Posted May. 02, 2004 21:44,
The Chinese government bulletin Inmin-Ilbo reported on May 1 that Chinas Committee of Bank Supervision ordered banks to stop loans aimed at unsound investment and to withdraw loans that do not accord with national adjustment and industrial policy to calm down the countrys overexerted economy.
This was the first time that the Chinese government bulletin Inmin-Ilbo made a concrete report on the governments policy concerning control of its overburdened economy.
According to the Inmin-Ilbo, the Committee of Bank Supervision directed banks to arrange five grades for loan qualification in order to suppress investments of fixed assets and to reduce banks losses from loans.
Particularly, the Committee named the steel, aluminum, cement, real estate, and automobile industries as such industries where unsound investments are popular, and in fact recommended the withdrawal of loans aimed at investments in these industries.
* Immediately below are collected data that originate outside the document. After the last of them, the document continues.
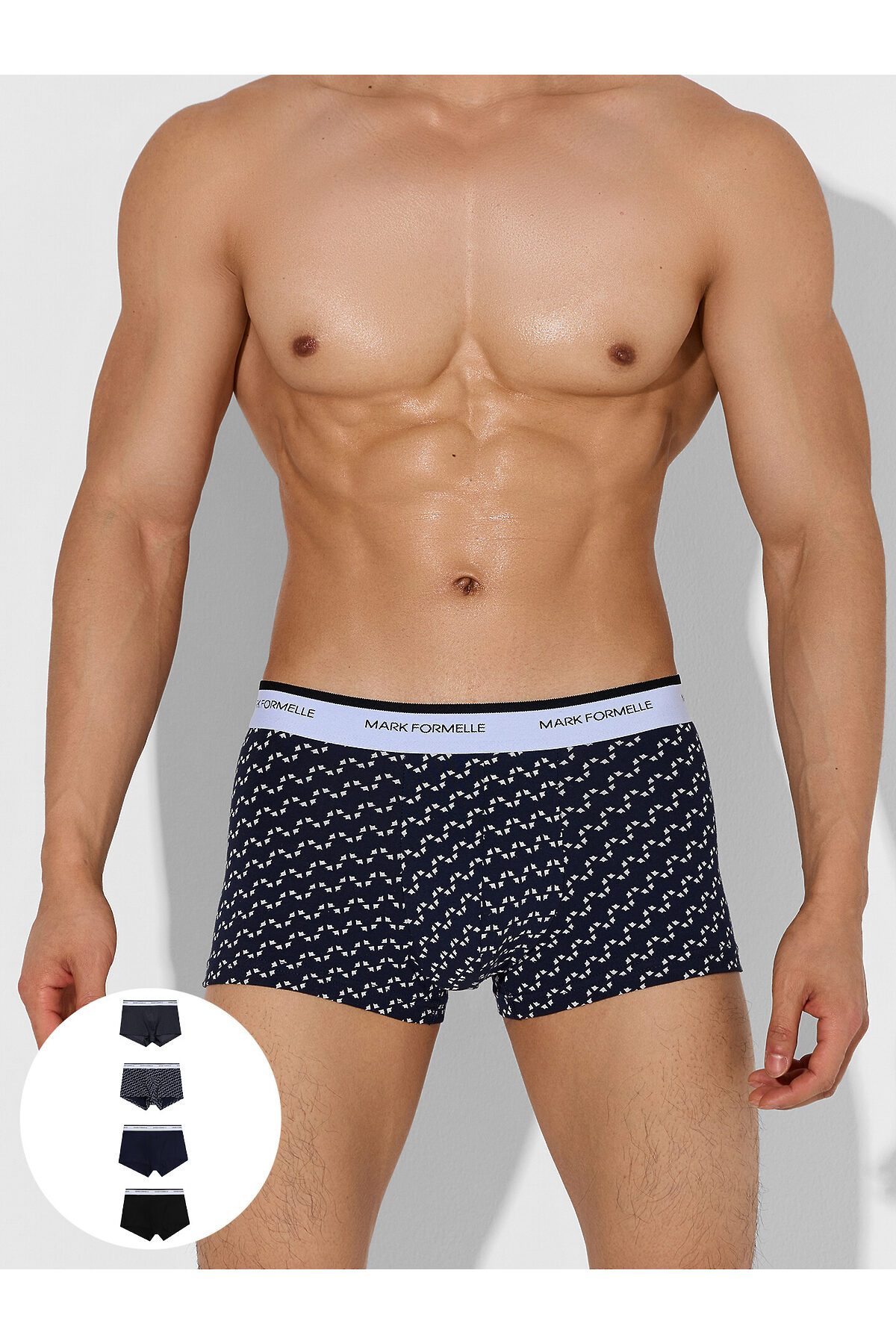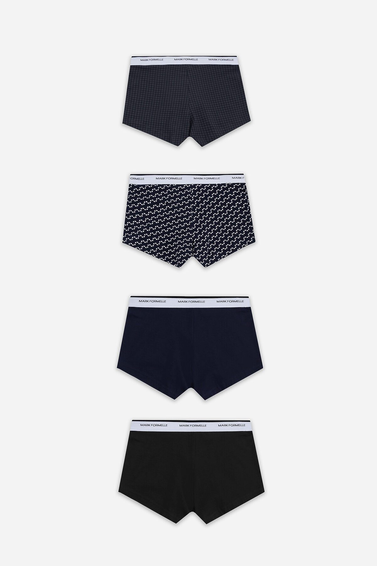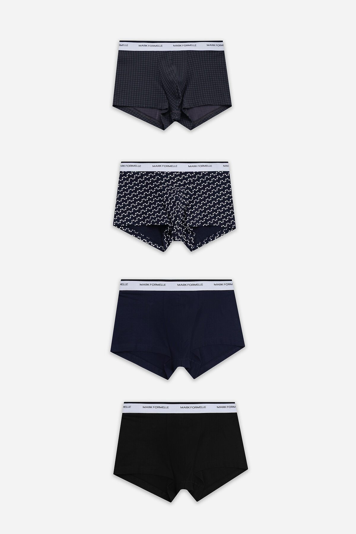 Трусы мужские (4шт). MARK FORMELLE, диагональн. узор на гл.синем +гл.синий +черный +черная гусиная лапка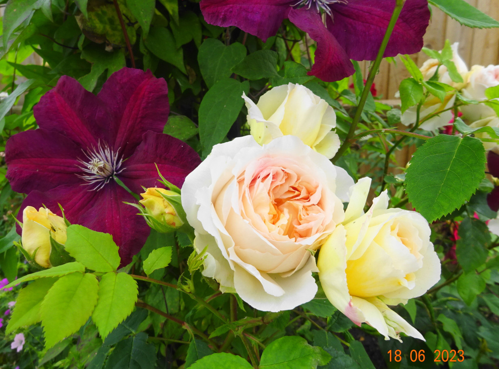 .. Clematis 'Niobe' again, it goes so well with apricot roses...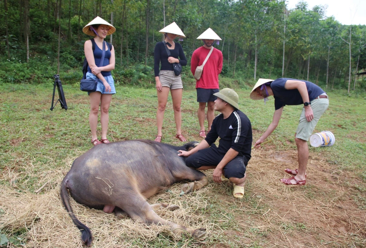 Bên cạnh dịch vụ massage vịt, du khách còn được trải nghiệm cưỡi trâu và xem quy trình huấn luyện trâu thực hiện các hiệu lệnh đứng lên, nằm xuống. Chị Julia (du khách Anh) bày tỏ sự ngạc nhiên khi lần đầu được ôm một chú trâu: "Nó rất thư thái và thân thiện, tôi có thể thoải mái cho nó ăn cỏ và lá chuối." Ngoài ra, hoạt động câu cá tại ao cũng mang lại không gian thư giãn tĩnh lặng cho khách tham quan.

Meanwhile, the Committee stressed giving priority to energy industries, such as coal, electric power, and oil, and public works, such as transportation and waterworks.
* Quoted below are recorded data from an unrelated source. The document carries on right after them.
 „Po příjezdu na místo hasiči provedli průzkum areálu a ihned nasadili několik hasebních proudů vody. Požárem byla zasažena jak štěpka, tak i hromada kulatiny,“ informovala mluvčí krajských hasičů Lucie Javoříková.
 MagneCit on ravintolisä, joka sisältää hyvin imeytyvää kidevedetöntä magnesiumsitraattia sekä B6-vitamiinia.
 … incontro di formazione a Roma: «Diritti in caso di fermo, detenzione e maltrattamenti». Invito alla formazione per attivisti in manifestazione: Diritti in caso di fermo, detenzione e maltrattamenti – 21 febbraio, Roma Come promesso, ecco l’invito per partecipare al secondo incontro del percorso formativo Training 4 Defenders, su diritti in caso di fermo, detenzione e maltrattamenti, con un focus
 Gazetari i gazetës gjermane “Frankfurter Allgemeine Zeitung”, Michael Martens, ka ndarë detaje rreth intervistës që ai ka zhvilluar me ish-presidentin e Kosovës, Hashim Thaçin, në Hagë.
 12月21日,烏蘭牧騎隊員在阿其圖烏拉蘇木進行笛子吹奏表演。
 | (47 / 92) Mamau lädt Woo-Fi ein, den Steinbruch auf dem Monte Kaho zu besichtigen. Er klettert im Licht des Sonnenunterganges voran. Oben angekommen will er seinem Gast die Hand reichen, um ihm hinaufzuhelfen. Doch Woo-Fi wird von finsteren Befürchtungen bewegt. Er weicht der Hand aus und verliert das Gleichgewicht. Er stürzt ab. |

This Committee, whose authority of supervision and investigation over banks has been strengthened, directed the implementation of scientific administering techniques in banks deposits and loan matters.
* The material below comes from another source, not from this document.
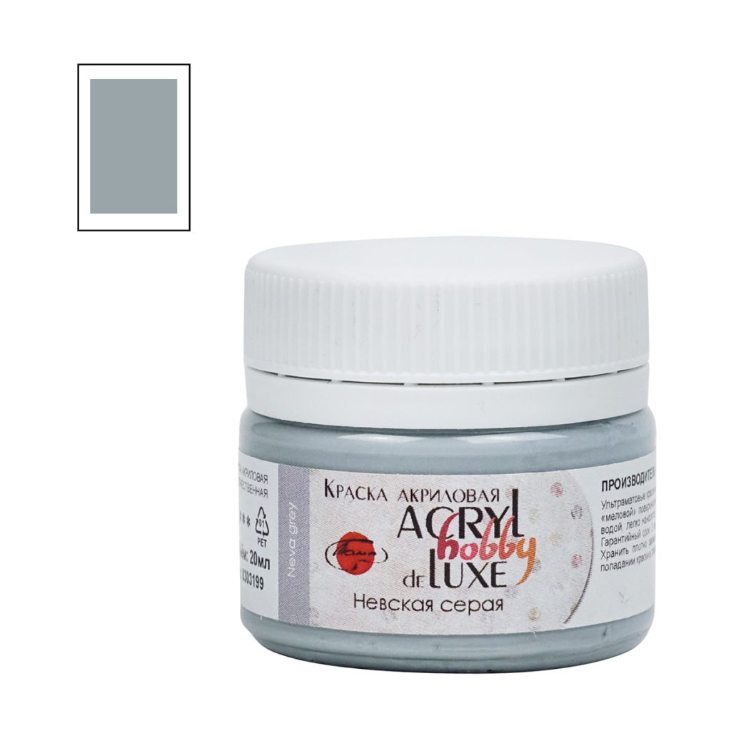Художественные акриловые краски «Акрил Де Люкс» обладают кремовой консистенцией и потрясающим матовым финишем. Благодаря этому свойству краски напоминают по своим характеристикам меловые. Разнообразная и уникальная палитра красок позволяет создавать неповторимые работы и тратить меньше времени на получение нестандартного оттенка. Краска прекрасно подходят для живописи, декоративно-прикладного искусства и окрашивания любых поверхностей. Хорошая сцепляемость практически со всеми свободными от жира подложками. Консистенция: кремовая, текучая. Укрывистость: от средней до высокой. Состав: акриловая дисперсия, тонкодисперсные пигменты, наполнитель, консерванты, вода. Все цвета выполнены с использованием 4-5 пигментов. Свойства: • Высокоматовый, бархатистый красочный слой; • После высыхания приобретает водостойкость; • Высокий уровень светостойкости; • Хорошая сцепляемость с поверхностью; • Разбавляется водой, акриловым лаком, разбавителем акриловых красок и т.п.; • Время высыхания в течение одного часа; • При длительном хранении допускается частичное расслоение, перед употреблением обязательно перемешать.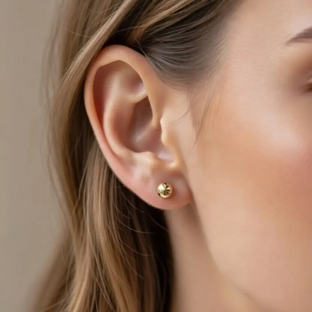 8 Ayar Altın Kalemli Top Küpe (6 mm)

Meanwhile, Chinas Committee of National Development decided to review the construction of large shopping centers and golf courses in an effort to suppress increasing investments of fixed assets. Some are predicting that Peoples Bank of China, the countrys central bank, will take drastic action by raising its annual interest rate of 5.31 percent by 0.5 percent and raising its interest rates for deposits of 1.98 percent by 0.25 percent beginning after the Labor Day holiday.